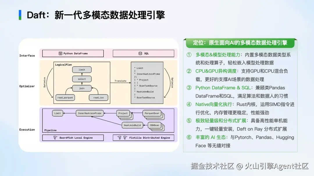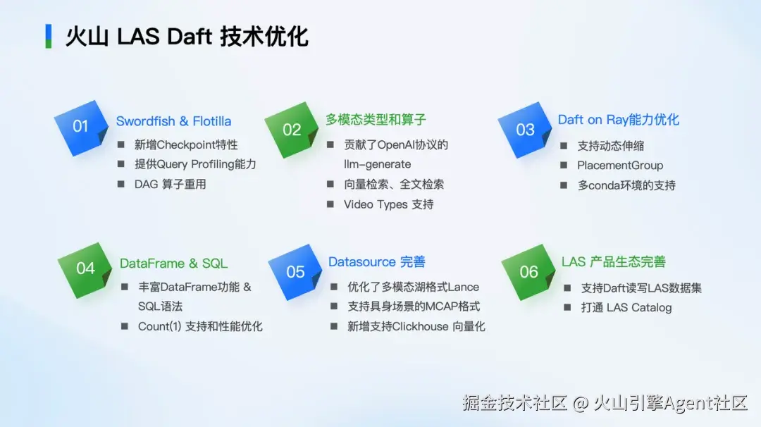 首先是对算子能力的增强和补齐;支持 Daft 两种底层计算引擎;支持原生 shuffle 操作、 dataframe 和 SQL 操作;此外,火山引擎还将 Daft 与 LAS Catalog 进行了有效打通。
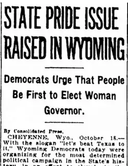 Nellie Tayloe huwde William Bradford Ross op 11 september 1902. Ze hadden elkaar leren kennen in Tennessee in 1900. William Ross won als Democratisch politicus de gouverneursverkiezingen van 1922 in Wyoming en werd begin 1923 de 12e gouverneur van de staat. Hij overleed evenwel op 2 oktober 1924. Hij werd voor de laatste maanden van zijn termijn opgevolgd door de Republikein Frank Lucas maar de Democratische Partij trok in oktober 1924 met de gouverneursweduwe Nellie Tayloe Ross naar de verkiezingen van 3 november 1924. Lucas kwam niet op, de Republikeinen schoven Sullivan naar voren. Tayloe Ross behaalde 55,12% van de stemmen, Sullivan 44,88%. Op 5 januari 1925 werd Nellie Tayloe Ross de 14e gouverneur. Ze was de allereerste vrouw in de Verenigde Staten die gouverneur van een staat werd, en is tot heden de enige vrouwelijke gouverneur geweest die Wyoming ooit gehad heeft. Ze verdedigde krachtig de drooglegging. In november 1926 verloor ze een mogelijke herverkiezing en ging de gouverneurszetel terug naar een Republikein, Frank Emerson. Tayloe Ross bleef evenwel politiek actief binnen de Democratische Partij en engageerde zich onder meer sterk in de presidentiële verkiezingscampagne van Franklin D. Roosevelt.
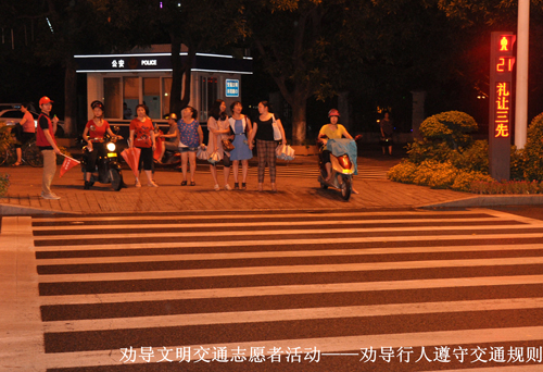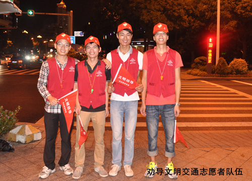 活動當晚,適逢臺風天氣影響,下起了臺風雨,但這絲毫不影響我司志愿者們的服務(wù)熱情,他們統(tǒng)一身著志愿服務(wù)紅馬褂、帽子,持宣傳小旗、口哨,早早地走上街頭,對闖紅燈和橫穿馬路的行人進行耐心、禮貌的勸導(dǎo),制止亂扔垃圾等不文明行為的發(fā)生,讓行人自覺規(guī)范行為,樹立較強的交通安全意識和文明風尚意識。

==

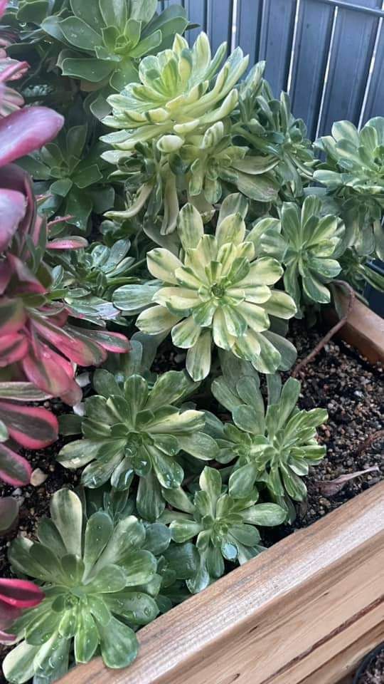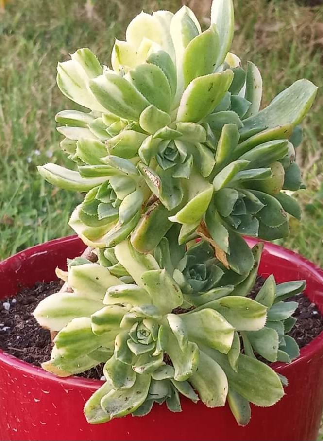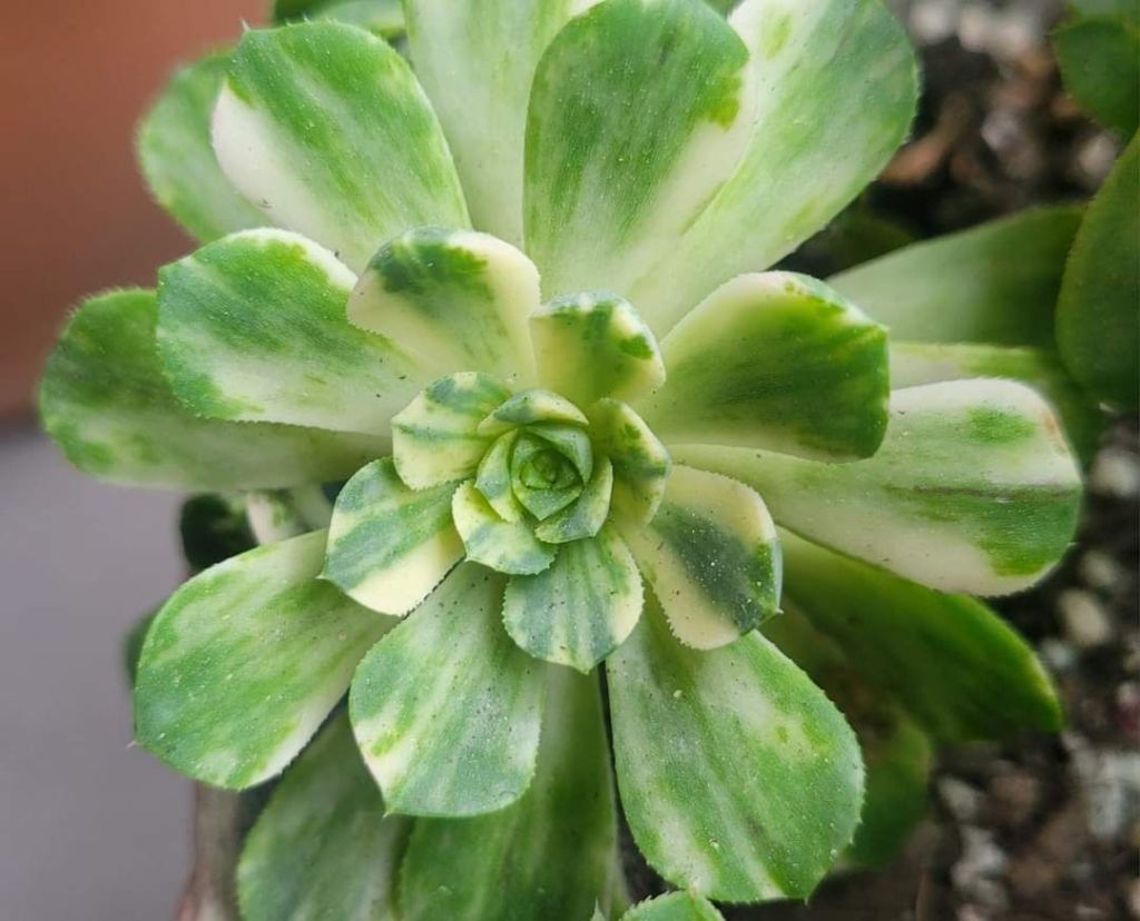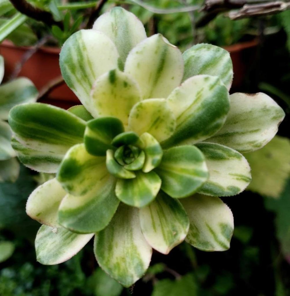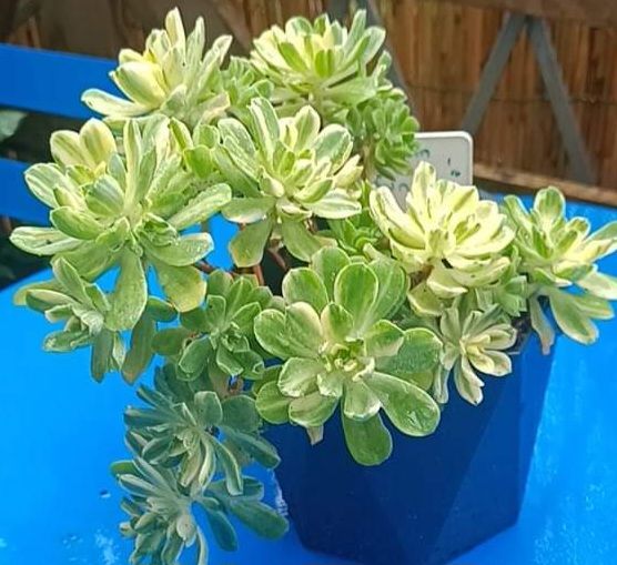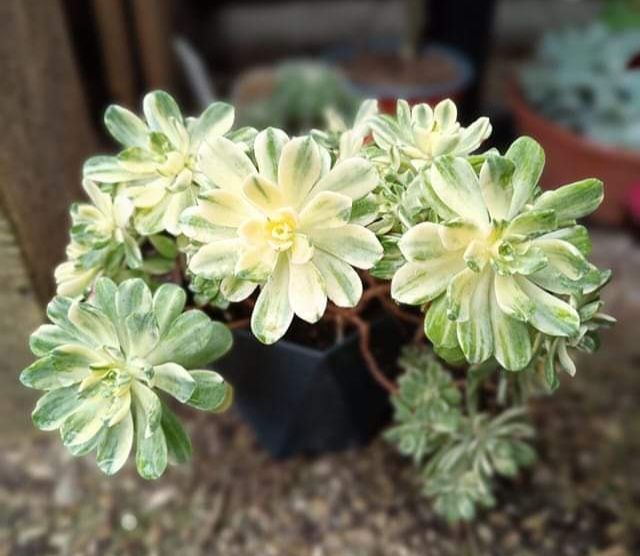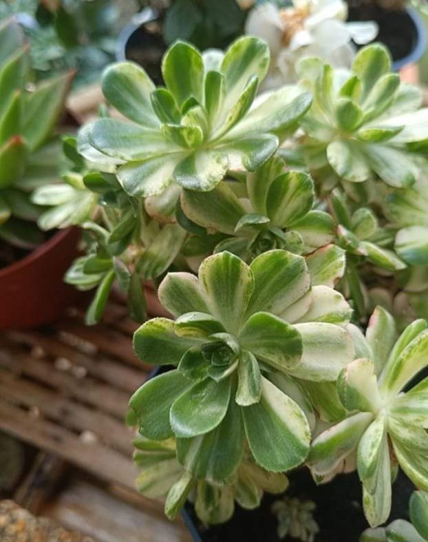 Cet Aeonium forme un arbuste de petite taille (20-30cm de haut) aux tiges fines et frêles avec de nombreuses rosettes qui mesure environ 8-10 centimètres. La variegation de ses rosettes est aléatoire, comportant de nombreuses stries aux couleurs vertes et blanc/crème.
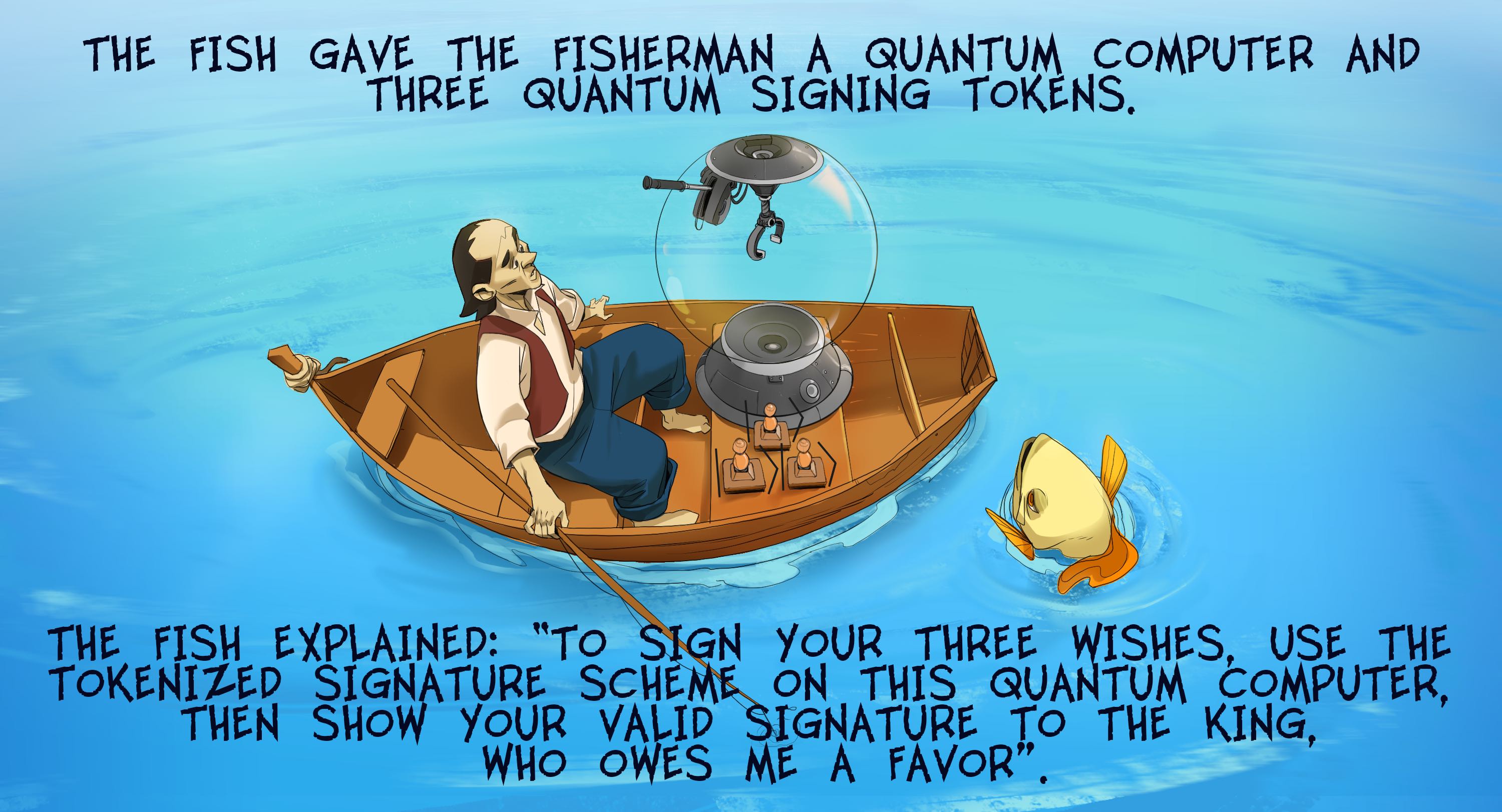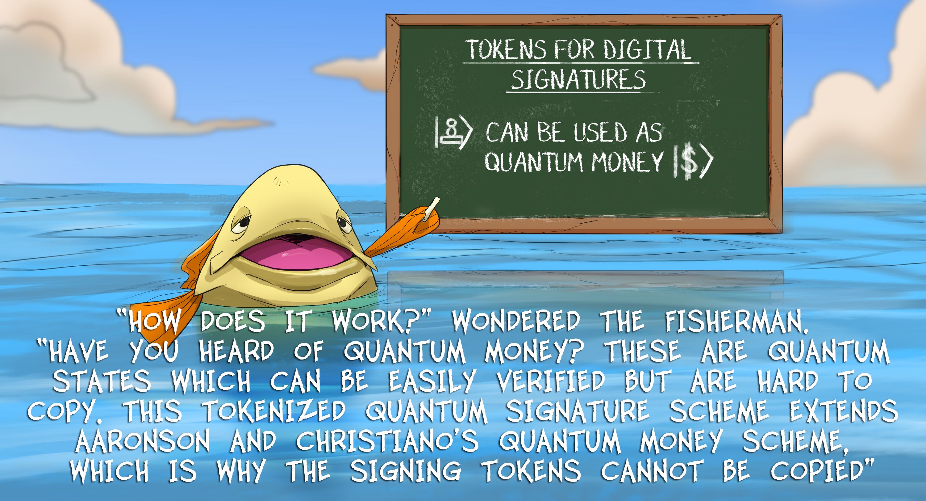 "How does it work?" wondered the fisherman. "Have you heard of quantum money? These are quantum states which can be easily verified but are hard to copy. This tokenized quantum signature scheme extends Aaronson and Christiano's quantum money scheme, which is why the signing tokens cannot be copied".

• PROBLEM STATEMENT: For this exercise, set down the lines in the entries above from the one with "首先是对算子能力的增强和补齐;支持 Daft 两种底层计算引擎;支持原生" through the one with "活動當晚,適逢臺風天氣影響,下起了臺風雨" exactly as written, without any pictures.

• EXERCISE RESULT:
 首先是对算子能力的增强和补齐;支持 Daft 两种底层计算引擎;支持原生 shuffle 操作、 dataframe 和 SQL 操作;此外,火山引擎还将 Daft 与 LAS Catalog 进行了有效打通。
 Nellie Tayloe huwde William Bradford Ross op 11 september 1902. Ze hadden elkaar leren kennen in Tennessee in 1900. William Ross won als Democratisch politicus de gouverneursverkiezingen van 1922 in Wyoming en werd begin 1923 de 12e gouverneur van de staat. Hij overleed evenwel op 2 oktober 1924. Hij werd voor de laatste maanden van zijn termijn opgevolgd door de Republikein Frank Lucas maar de Democratische Partij trok in oktober 1924 met de gouverneursweduwe Nellie Tayloe Ross naar de verkiezingen van 3 november 1924. Lucas kwam niet op, de Republikeinen schoven Sullivan naar voren. Tayloe Ross behaalde 55,12% van de stemmen, Sullivan 44,88%. Op 5 januari 1925 werd Nellie Tayloe Ross de 14e gouverneur. Ze was de allereerste vrouw in de Verenigde Staten die gouverneur van een staat werd, en is tot heden de enige vrouwelijke gouverneur geweest die Wyoming ooit gehad heeft. Ze verdedigde krachtig de drooglegging. In november 1926 verloor ze een mogelijke herverkiezing en ging de gouverneurszetel terug naar een Republikein, Frank Emerson. Tayloe Ross bleef evenwel politiek actief binnen de Democratische Partij en engageerde zich onder meer sterk in de presidentiële verkiezingscampagne van Franklin D. Roosevelt.
 活動當晚,適逢臺風天氣影響,下起了臺風雨,但這絲毫不影響我司志愿者們的服務(wù)熱情,他們統(tǒng)一身著志愿服務(wù)紅馬褂、帽子,持宣傳小旗、口哨,早早地走上街頭,對闖紅燈和橫穿馬路的行人進行耐心、禮貌的勸導(dǎo),制止亂扔垃圾等不文明行為的發(fā)生,讓行人自覺規(guī)范行為,樹立較強的交通安全意識和文明風尚意識。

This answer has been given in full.